ISDA PRESS REPORT - DECEMBER 19, 2001

CREDIT DERIVATIVES
* Bank of England warns on trading practices - IFR

LATIN AMERICA
* Vulture firms begin to set their sights on troubled
Argentina - Financial Times
* Telefonica bids to shield at-risk Brazil interests -
Financial Times

REGULATORY
* Armey Would Split Derivatives Issue From Stalled Bankruptcy
Reform Bill - BNA

Bank of England warns on trading practices
IFR - December 15, 2001

The Bank of England (BoE) last week sounded warnings about the increasing
use of credit derivatives to transfer credit risk and counterparty risk
management practices. Its half-yearly financial stability review examined
the transfer of credit risk between the banking and insurance sectors. It
noted that markets for risk transfer are, in principle, beneficial because
they allow greater dispersion of risk.

However, the BoE said that it is important for regulators to track whether
or not concentrations of risk might decline in some places only to re-emerge
in others. In particular it cited unfunded risk transfer as being difficult
to monitor. "If flows of risk are not accompanied by flows of funds
(insurance or derivatives), they become harder to track in aggregate," the
report said.

The review discussed possible areas where seemingly transferred credit risk
by banks could revert to the sector. It said that some techniques used in
deals such as synthetic securitisations can leave banks with residual risks,
whether contractual or implicit. "The credit default swap market has not
really been tested under a severe downside scenario and if the worst happens
and the whole house falls down people may well find that none of their risk
has actually been transferred," said one analyst who was sympathetic to the
BoE's line.

Credit derivatives dealers are more sanguine, however. "Often you have no
option but to use credit derivatives to back up transactions. They can be
used to get round regulatory and sourcing difficulties and some times they
are just quicker and cheaper than the alternatives," said one dealer. The
BoE also said that even in the instances where banks have genuinely
transferred credit risk, there is a question as to whether the appetite of
the risk takers will be sustained. "General insurers, reinsurers and life
insurers might reduce their asset allocation to credit risk if losses were
to increase materially during the current economic slowdown," said the
report.

The banks active in the credit derivatives market are confident that their
risk transfer techniques work, but admit that losses for insurance company
sellers of protection could threaten the continuing growth of the market.
The BoE also questioned the extent to which the banking system can change
from being the 'originator and holder' to 'originator and distributor' of
credit risk, saying that this may be limited by the close link between
credit and provision of liquidity.

"Credit risk is being transferred from banks to insurance companies. But if
credit losses crystallise in stressed market conditions, insurance companies
may need to have recourse to the banking system in order to meet their
obligations under credit risk transfer instruments," the report said.
Elsewhere in its review, the BoE examined counterparty risk management and
found that disclosure practice is still not sufficient to facilitate
effective management. It said that banks have growing exposure to non-bank
participants in over-the-counter derivatives and other capital markets, such
as insurance companies, energy companies and large multinationals.

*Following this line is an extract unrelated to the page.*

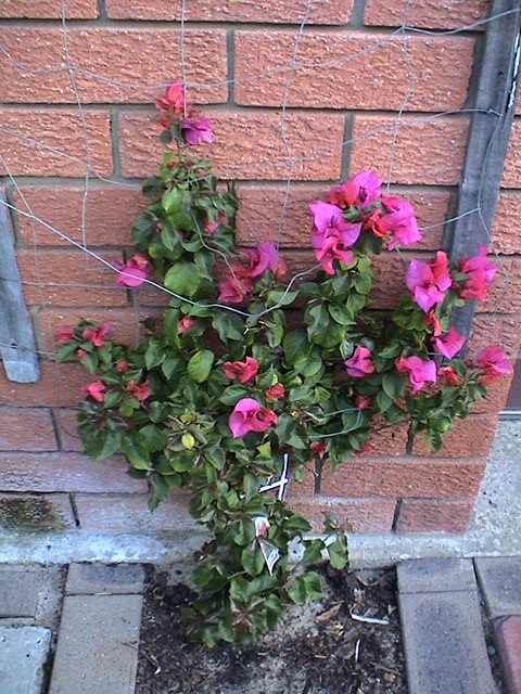 Has taken off with an aveangance, now that the warmer weather is here. I planted it during the winter months and it sat there looking very sad and sorry. I was worried it may not last the distance. But looking at it today, its done us proud, and climbing with speed and enthusiasm. Here it is:
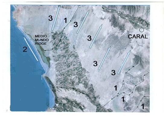 Figure 1) to deposit sediments along the shoreline, adding to the expansion of the original pre-ENSO event shoreline area. The northward dot sequence shows vortical currents depositing sediment to form a further coastal shoreline extension. The CFD results indicate the qualitative nature of the prograding process; the quantitative determination involves detailed knowledge of the rainfall intensity and duration, geographic extent, event-time duration and the amount/type of surface material available for transport by the eroding action of floods. Sediment transport from the upper-valley areas from flood events, river and aeolian transport, as well as sand transport from southern valleys from ocean currents, accelerated coastal infilling both ahead of and behind the Medio Mundo beach ridge extending from the Huara to the Fortelaza Valley. Based on a survey of the lower Supe Valley, ~3 to 5 km of accreted sand, fines and clays deposited to a depth of 3 to 5 m over the Holocene beach littoral inland of the present shoreline since El Niño floods began at the time of sea-level stabilization. The sand seas in the Huara area, south of the Supe Valley, subject to strong onshore winds, sourced the aeolian transport of vast quantities of sand over the southernmost mountain chain that bounded the Supe Valley to inundate the inland valley farming areas. Sand accumulations appear on the north and south sides of the Supe Valley, as the small, intermittent discharge Supe River presented no barrier to across river valley aeolian sand transport. Buried sand layers covered over by later farming surfaces are present throughout the Supe Valley profiles (

The recommendations of the official and private sector reports on
counterparty risk management following the LTCM crisis were addressed
particularly to banks' hedge fund exposure. However, the Enron case shows
that many apply more widely, particularly the need for counterparties to
make adequate financial disclosure.

Vulture firms begin to set their sights on troubled Argentina
Financial Times - December 19, 2001

Edward Bozaan says he made money in Russia and Thailand soon after they
devalued their currencies in the late 1990s. Now, the New York-based fund
manager is considering buying assets in Argentina, Bloomberg reports.

"I buy into extraordinarily depressed markets, and Argentina is definitely
on my screen right now," says the 44-year old president of Waterford
Partners, a fund management company whose promotional material contains
pictures of tanks and explosions. "Its markets are really scraping bottom."

As the country nears default on most of its Dollars 132bn debt and struggles
to avert devaluation, Mr Bozaan says he and others who specialise in
investing in countries in crisis are assessing whether prices have reached
bottom after the Merval stock index fell to 10-year lows and bonds
plummeted.

Mr Bozaan's fund grew 114 per cent in 1999, helped by his purchase of
Russian companies such as Vimpelcom Communications after the country
defaulted on Dollars 40bn of debt and devalued the rouble. In the first nine
months of this year the fund lost 17.9 per cent, compared with 26.6 per cent
drop in the MSCI Emerging Market Index.

Domingo Cavallo, Argentine economy minister, blamed foreign funds such as Mr
Bozaan's for the country's troubles, saying they drove down stock and bond
values and pushed up interest rates. That forced the government last week to
limit deposit withdrawals to prevent a collapse of the banking system, Mr
Cavallo said.

"They are the same (funds) that got rich in Russia in 1998 and who attacked
Ecuador and hurt the Ecuadorean people," Mr Cavallo said in a speech. "The
same funds have been focused on Argentina in 2001."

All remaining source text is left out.